The phrase above (source: WordPress) is from Dante's Inferno, part one of a 14th century, epic poem titled, "Divine Comedy". It's about Dante's walk through Hell's 9 circle's of suffering guided by the Roman poet, Virgil.
"The poem begins on the day before Good Friday in the year 1300. The narrator, Dante himself, is thirty-five years old, and thus "halfway along our life's path" (Nel mezzo del cammin di nostra vita)—half of the Biblical life expectancy of seventy (Psalm 90:10). The poet finds himself lost in a dark wood in front of a mountain, assailed by three beasts (a lion, a lonza [rendered as "leopard" or "leopon"], and a she-wolf) he cannot evade, and unable to find the "straight way" (diritta via)—also translatable as "right way"—to salvation. Conscious that he is ruining himself and that he is falling into a "deep place" (basso loco) where the sun is silent (l sol tace), Dante is at last rescued by the Roman poet Virgil, who claims to have been sent by Beatrice, and the two of them begin their journey to the underworld. Each sin's punishment in Inferno is a contrapasso, a symbolic instance of poetic justice; for example, fortune-tellers have to walk forwards with their heads on backwards, unable to see what is ahead, because they tried, through forbidden means, to look ahead to the future in life. Such a contrapasso "functions not merely as a form of divine revenge, but rather as the fulfilment of a destiny freely chosen by each soul during his or her life.""

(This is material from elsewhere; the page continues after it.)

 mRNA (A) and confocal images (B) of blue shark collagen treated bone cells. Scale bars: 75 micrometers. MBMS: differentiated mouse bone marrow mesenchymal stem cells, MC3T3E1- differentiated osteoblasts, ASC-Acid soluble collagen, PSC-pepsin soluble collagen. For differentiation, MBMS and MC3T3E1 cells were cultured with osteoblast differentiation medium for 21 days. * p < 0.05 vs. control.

I would say my goal in life is to prove that life can suck, only to die, anonymous for eternity, but that it doesn't have to be that way.
It is an ironic time for me to say that, as the truth is, presently, life sucks big-time, and I expect to die any day now. BUT, I know what I know... and once a feeling of success is experienced fully, it never goes away.
Never.
Nor do experiences with guilt attached, or failure; letting someone down or failing them; making a stupid decision and possibly causing harm, death or damage. Ahhh... growing up.

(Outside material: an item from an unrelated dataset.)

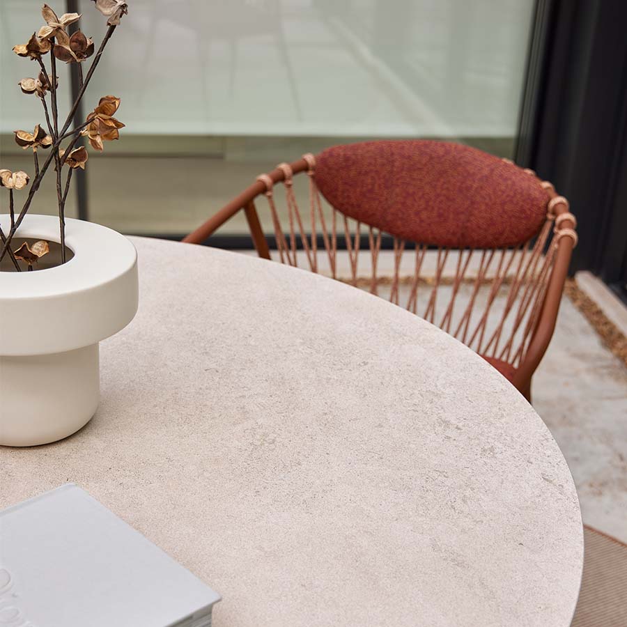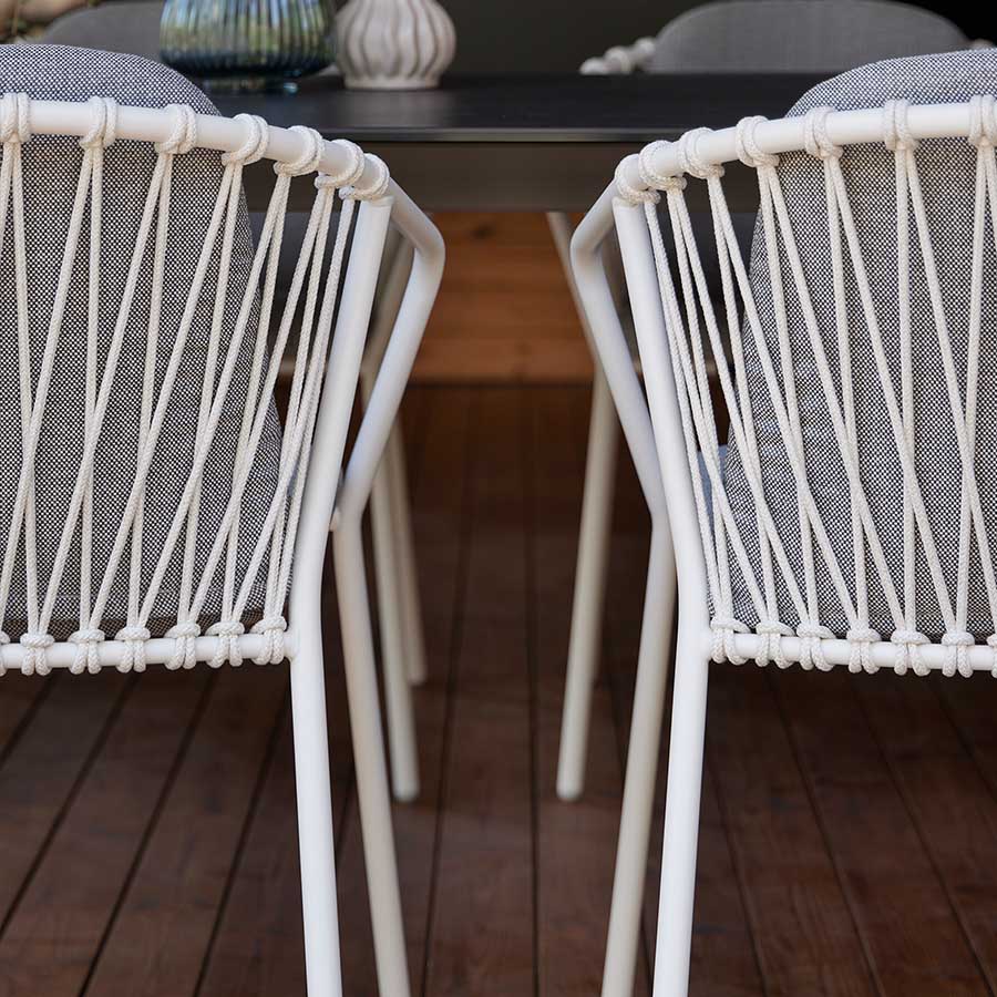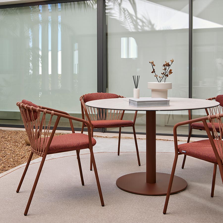 A chair with a fully stainless steel structure. Its seat, available in one or two pieces, is removable and has a cover, with an interior made of hydrophobic polyurethane foam (Dry Feel) and polyester fiber. The backrest is made of polypropylene rope, available in various colors. Additionally, it can be stacked up to 4 chairs high.

Worse yet, is being an innocent victim... getting raped by someone you trust, taking the fall for something you didn't do; being misunderstood; being bullied.
There's a lot in the news lately about brutal, senseless crimes. I'm not going to name any explicitly, but either it's the media tends to cover and report these crimes more that ever, or I'm simply more sensitive to their existence.
There's no question that given the economic trauma of the last ten years that quality of life has gone south. More people are finding themselves desperate and depressed. It's sad; a sad state of affairs.
But the worst thing a person can do is what this post warned: "Abandon All Hope, Ye Who Enter Here".
The time may come to do that... but the real battle in life is with death. One can never lose hope. One always has more than two choices in life. The answer always lies in what the question is that's asked.
During the 1970's I can honestly say I lived my life to the fullest. I can never forget those years, though it pains me how the memories from those days fade. That to me was life in all it's different shades and colors. Heaven and Hell.
Yeah, not all memories fade so quickly. The really painful ones, they never go away.